*Activity*.
Recreate the listing that follows line for line, without pictures.
######
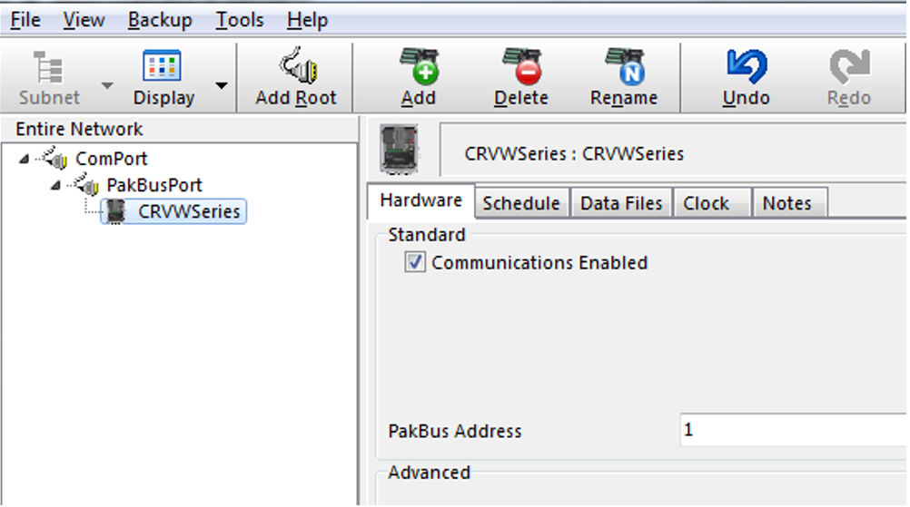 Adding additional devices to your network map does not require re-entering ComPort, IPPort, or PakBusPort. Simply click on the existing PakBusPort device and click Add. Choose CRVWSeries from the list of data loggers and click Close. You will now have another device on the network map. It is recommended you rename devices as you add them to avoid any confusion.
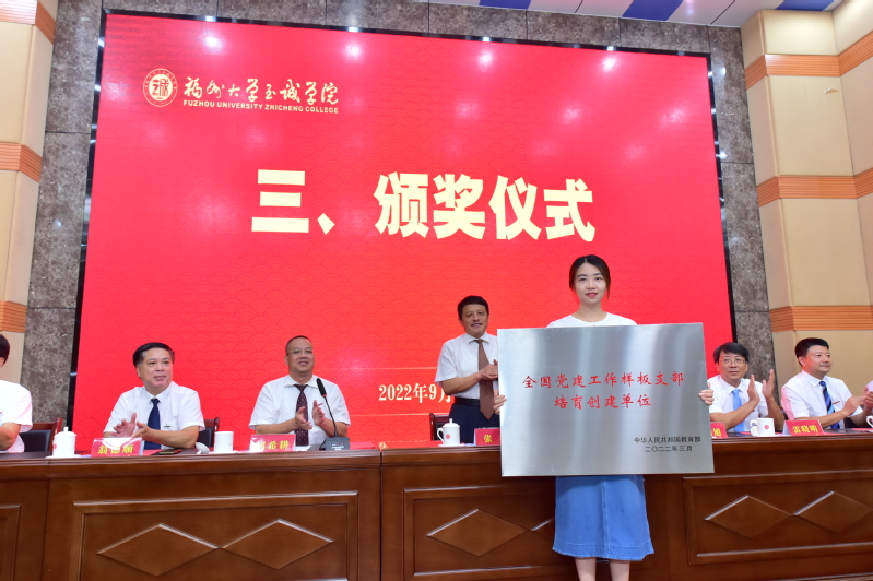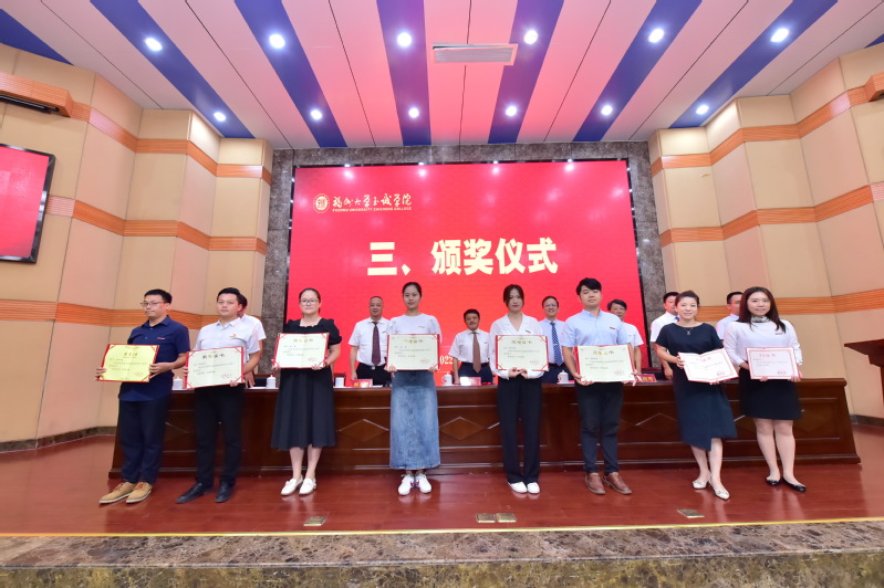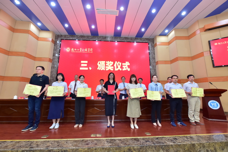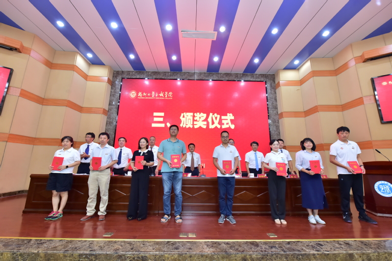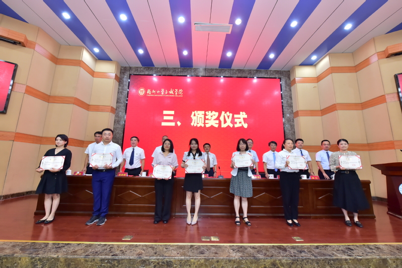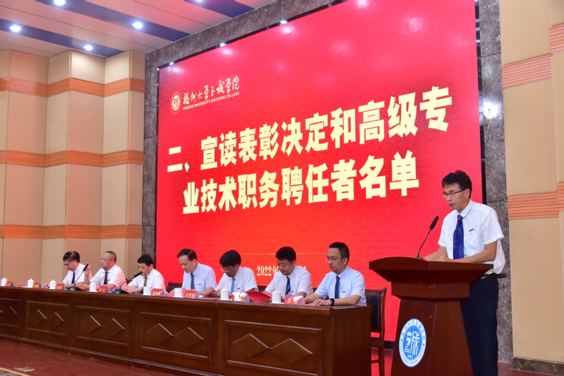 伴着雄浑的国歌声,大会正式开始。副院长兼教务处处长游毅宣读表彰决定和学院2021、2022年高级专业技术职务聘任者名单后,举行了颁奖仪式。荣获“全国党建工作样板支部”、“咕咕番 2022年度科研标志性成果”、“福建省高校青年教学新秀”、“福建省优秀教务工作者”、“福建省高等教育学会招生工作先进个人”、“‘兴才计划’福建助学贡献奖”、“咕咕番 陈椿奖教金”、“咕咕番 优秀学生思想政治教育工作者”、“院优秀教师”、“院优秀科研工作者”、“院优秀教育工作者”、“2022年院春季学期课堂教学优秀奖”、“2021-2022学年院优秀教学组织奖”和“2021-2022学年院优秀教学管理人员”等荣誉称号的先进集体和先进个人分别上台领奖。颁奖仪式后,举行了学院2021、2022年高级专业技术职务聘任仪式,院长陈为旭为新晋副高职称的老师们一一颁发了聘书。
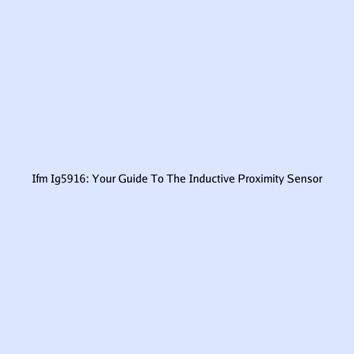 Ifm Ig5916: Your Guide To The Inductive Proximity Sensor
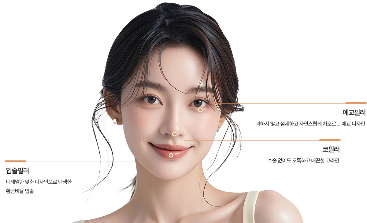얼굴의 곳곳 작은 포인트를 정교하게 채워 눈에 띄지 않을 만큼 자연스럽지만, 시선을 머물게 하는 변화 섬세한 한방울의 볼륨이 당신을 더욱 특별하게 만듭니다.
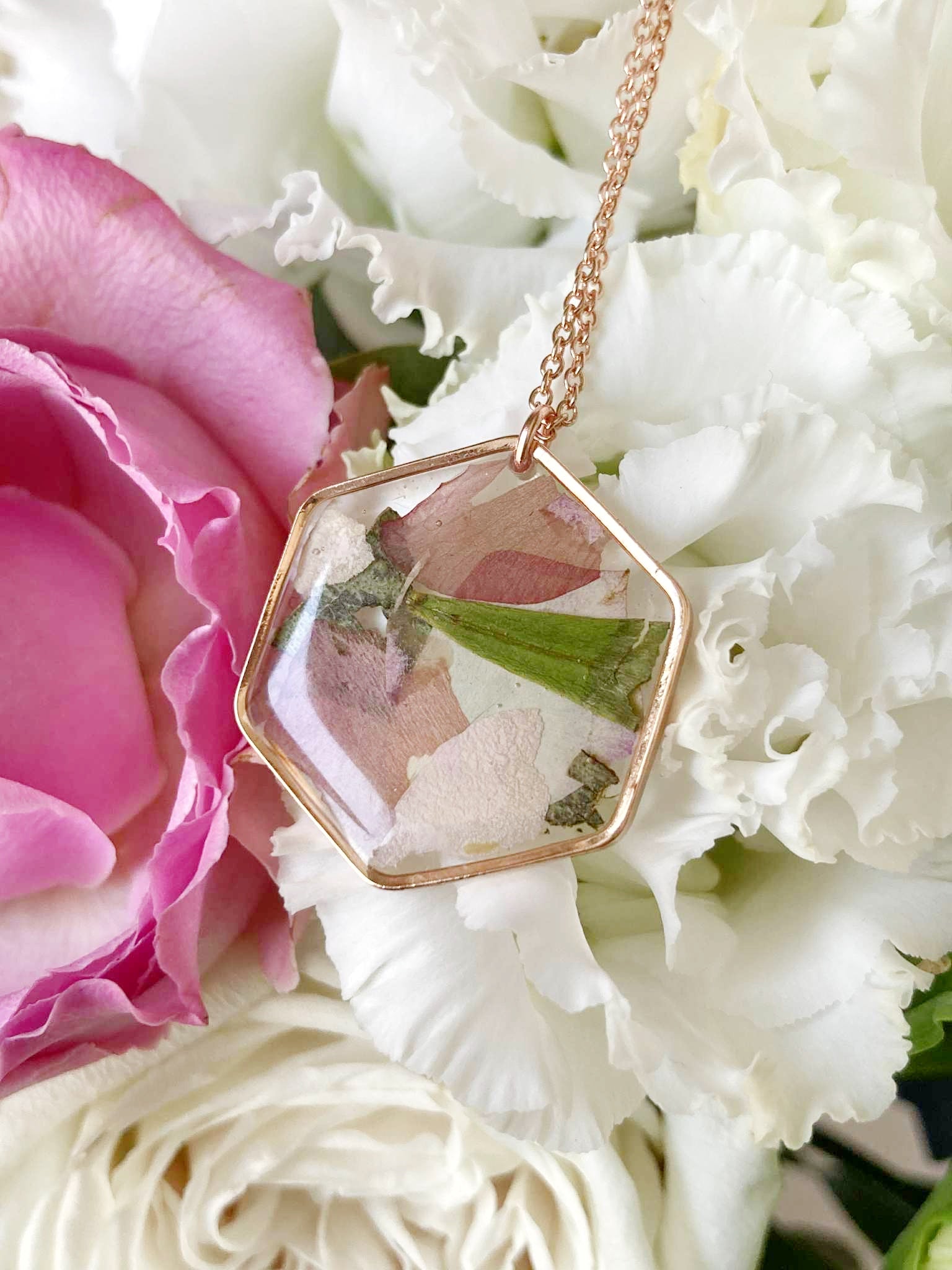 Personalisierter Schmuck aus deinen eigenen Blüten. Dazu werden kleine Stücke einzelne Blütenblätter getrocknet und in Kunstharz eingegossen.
######
*Answer space*.
 Adding additional devices to your network map does not require re-entering ComPort, IPPort, or PakBusPort. Simply click on the existing PakBusPort device and click Add. Choose CRVWSeries from the list of data loggers and click Close. You will now have another device on the network map. It is recommended you rename devices as you add them to avoid any confusion.
 伴着雄浑的国歌声,大会正式开始。副院长兼教务处处长游毅宣读表彰决定和学院2021、2022年高级专业技术职务聘任者名单后,举行了颁奖仪式。荣获“全国党建工作样板支部”、“咕咕番 2022年度科研标志性成果”、“福建省高校青年教学新秀”、“福建省优秀教务工作者”、“福建省高等教育学会招生工作先进个人”、“‘兴才计划’福建助学贡献奖”、“咕咕番 陈椿奖教金”、“咕咕番 优秀学生思想政治教育工作者”、“院优秀教师”、“院优秀科研工作者”、“院优秀教育工作者”、“2022年院春季学期课堂教学优秀奖”、“2021-2022学年院优秀教学组织奖”和“2021-2022学年院优秀教学管理人员”等荣誉称号的先进集体和先进个人分别上台领奖。颁奖仪式后,举行了学院2021、2022年高级专业技术职务聘任仪式,院长陈为旭为新晋副高职称的老师们一一颁发了聘书。
 Ifm Ig5916: Your Guide To The Inductive Proximity Sensor
얼굴의 곳곳 작은 포인트를 정교하게 채워 눈에 띄지 않을 만큼 자연스럽지만, 시선을 머물게 하는 변화 섬세한 한방울의 볼륨이 당신을 더욱 특별하게 만듭니다.
 Personalisierter Schmuck aus deinen eigenen Blüten. Dazu werden kleine Stücke einzelne Blütenblätter getrocknet und in Kunstharz eingegossen.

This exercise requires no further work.